Even on the occasions where the Packers tried to smash the easy button the way they would in previous seasons, things did not work out very well. Because instead of Adams running the routes, it was Watson, Romeo Doubs, Sammy Watkins, Randall Cobb, and Juwann Winfree. Plays that used to result not just in easy completions, but free yards, instead got blown up at or near the line of scrimmage as the rookies and subpar veterans struggled to execute at the same level as Green Bay's departed All-Pro.
The inability to get the ball down the field, combined with the ineffectiveness of the short stuff, led to Rodgers trying to force things that weren't there. He flung the ball into tight coverage multiple times, including on what ended up being the most consequential offensive play of the game, where he tried to hit Robert Tonyan on a seam route despite that fact that he was blanketed by Eric Kendricks and Camryn Bynum.
The overall ineptitude of the passing game contributed to the lack of opportunity for Jones -- the team's most explosive playmaker now that Adams is no longer in town.

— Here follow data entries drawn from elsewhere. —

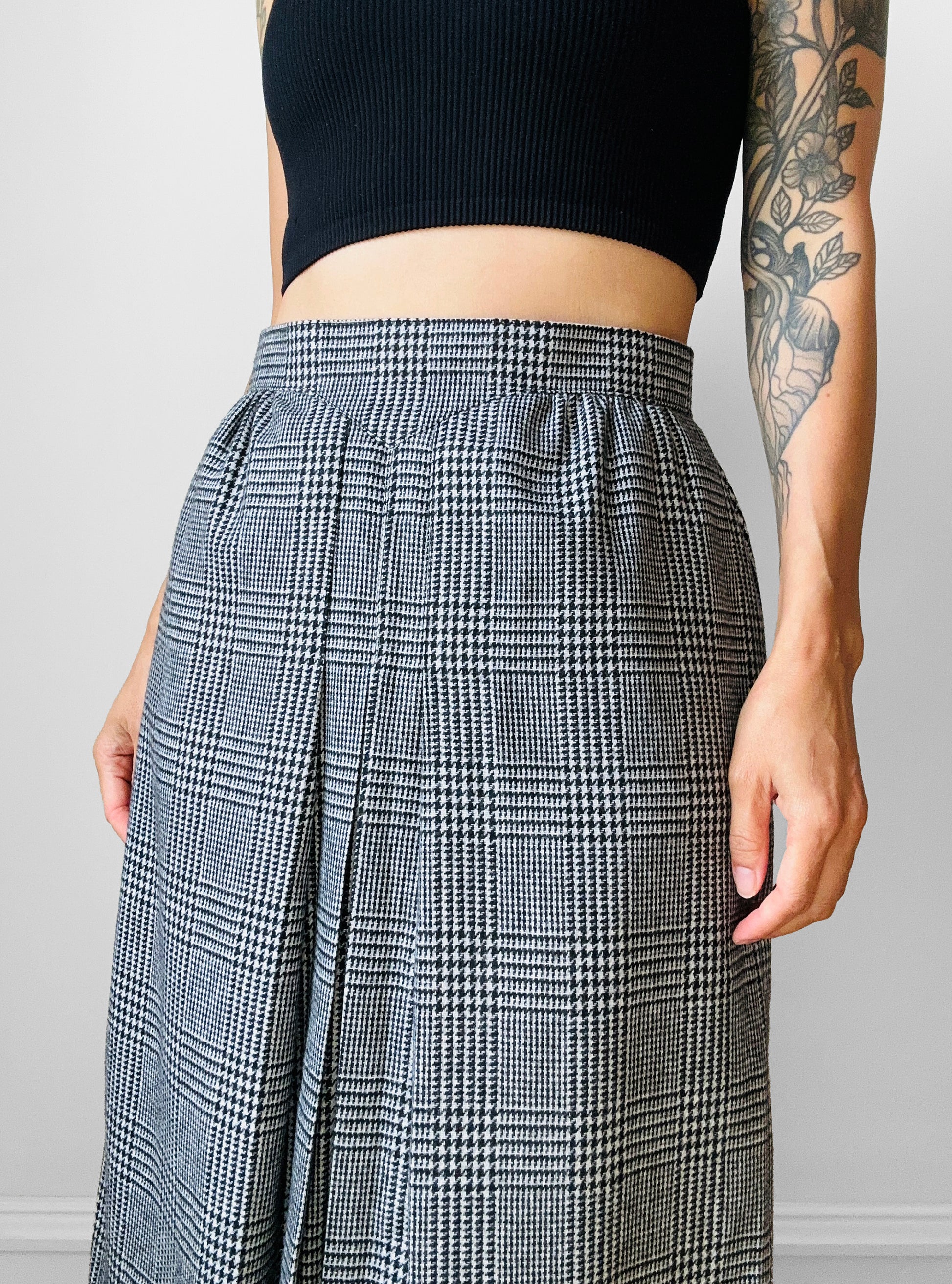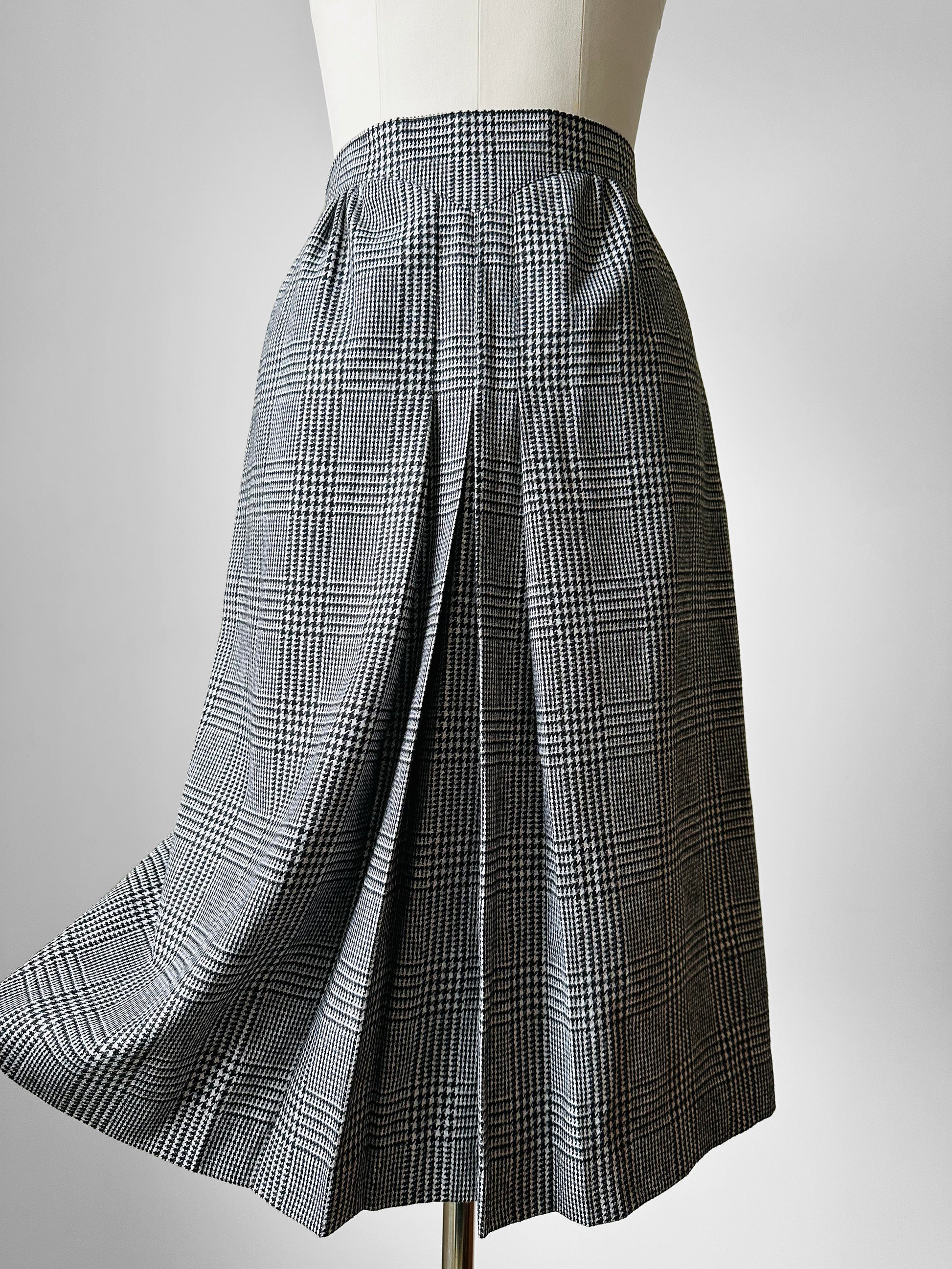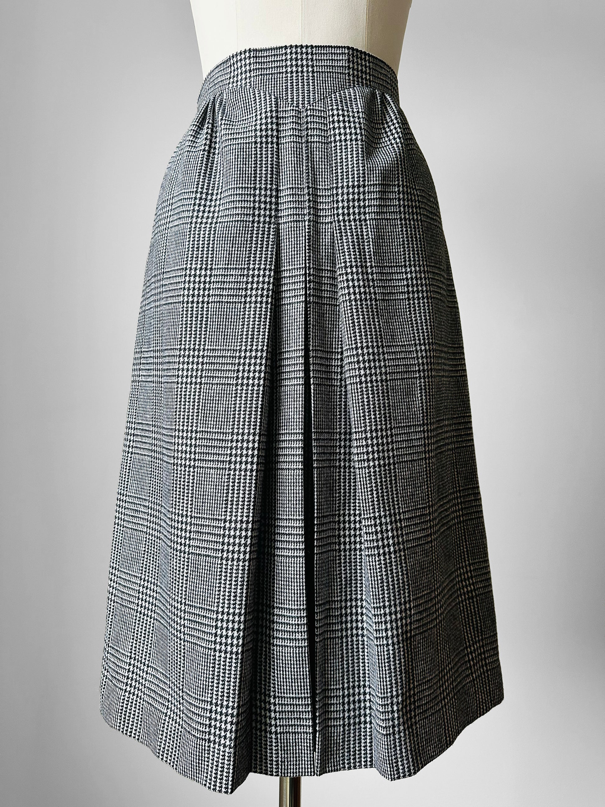 1980s Black and White Houndstooth A-line Inverted Pleat Skirt - Sz. Sm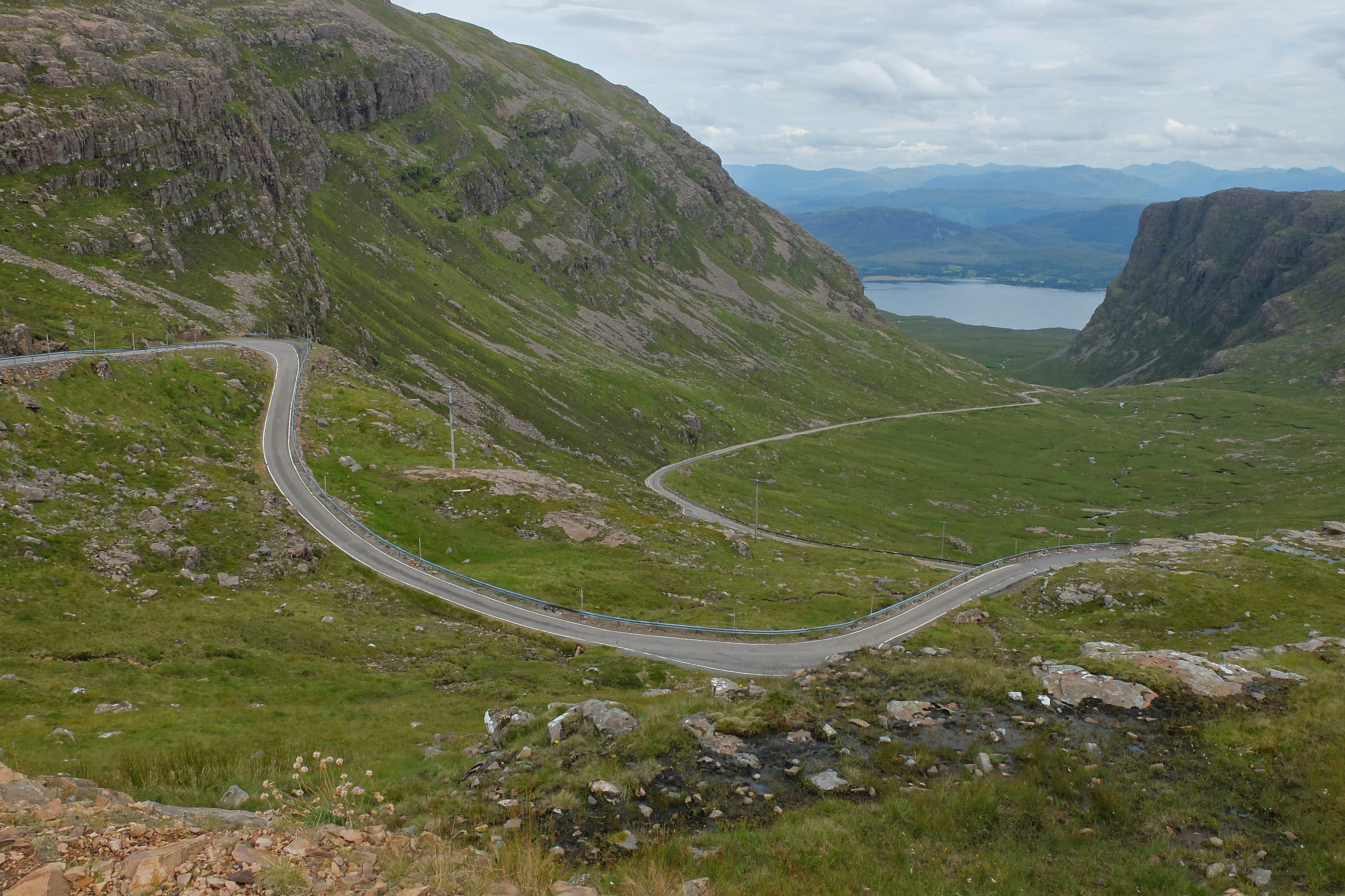 The road was heavily populated with tourists, some of whom clearly had no idea how to properly use passing places or reverse a car and as the pass wasn’t inordinately steep I was a little surprised to see some fairly abject vehicle manoeuvring going on further up the road. However, the views from the top were grand both back to the East, where the road itself made an impressive sight winding its way down into the valley below and to the West where the coast opened out to reveal Skye and the Wester Ross shoreline far below.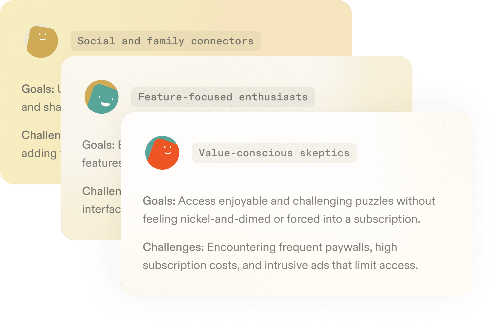 Based on your users, and their goals and challenges, Reforge Insights assembles recommended personas for your surveys.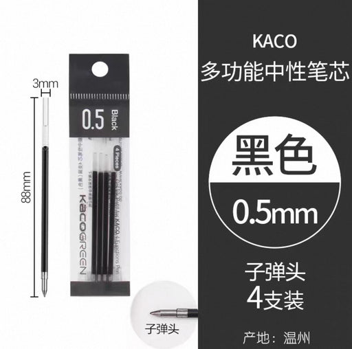 KACO EASY 4 FUNCTIONS PEN Refiils - 0.5mm Black KACO多功能中性笔芯 子弹头0.5mm黑色 4支装

He was targeted five times, with the passes resulting in three catches for 27 yards. With his five carries, that gave him only eight touches on the day. Those touches yielded 76 yards, though, an average of 9.5 a pop. LaFleur admitted after the game that the eight touches were not enough, and if he's going to be the only one consistently creating explosive gains, that's almost certainly true. It's not as though AJ Dillon did poorly with his chances, however. He turned 10 carries and five catches (on six targets) into 91 total yards, an averaging of 6.1 per touch. But where Jones had a 22-yard catch and 29-yard run, Dillon's longest gain of the day was 14 yards. He was more of a guy keeping the rock moving bit by bit, rather than creating chunk plays. Without a premier perimeter passing-game option, the Packers have to keep in mind that while it's important for Dillon to be heavily involved, they can't lose sight of Jones' ability to create big plays.
Green Bay's opponent this Sunday night is one that Rodgers has repeatedly torched over the years: The Chicago Bears. Adams obviously played a significant role in those thrashings, though, and he's no longer around. Perhaps the return of Allen Lazard to the lineup will change things, if he's fully recovered from his ankle injury. Perhaps simply seeing those dark blue helmets with the burnt orange "C" on them will make things snap back into place.
It's possible, maybe even likely, that we'll look back in Week 1 as an aberration, the same way we did when the Packers struggled badly against the New Orleans Saints last year. But taking a player like Adams out of the offense doesn't just get fixed by the passage of time from one week to the next. Green Bay needs to get its offensive line back in correct shape, its rookie receivers to play at a higher level, and its star quarterback to be content taking what the defense gives him until the opportunity to take more.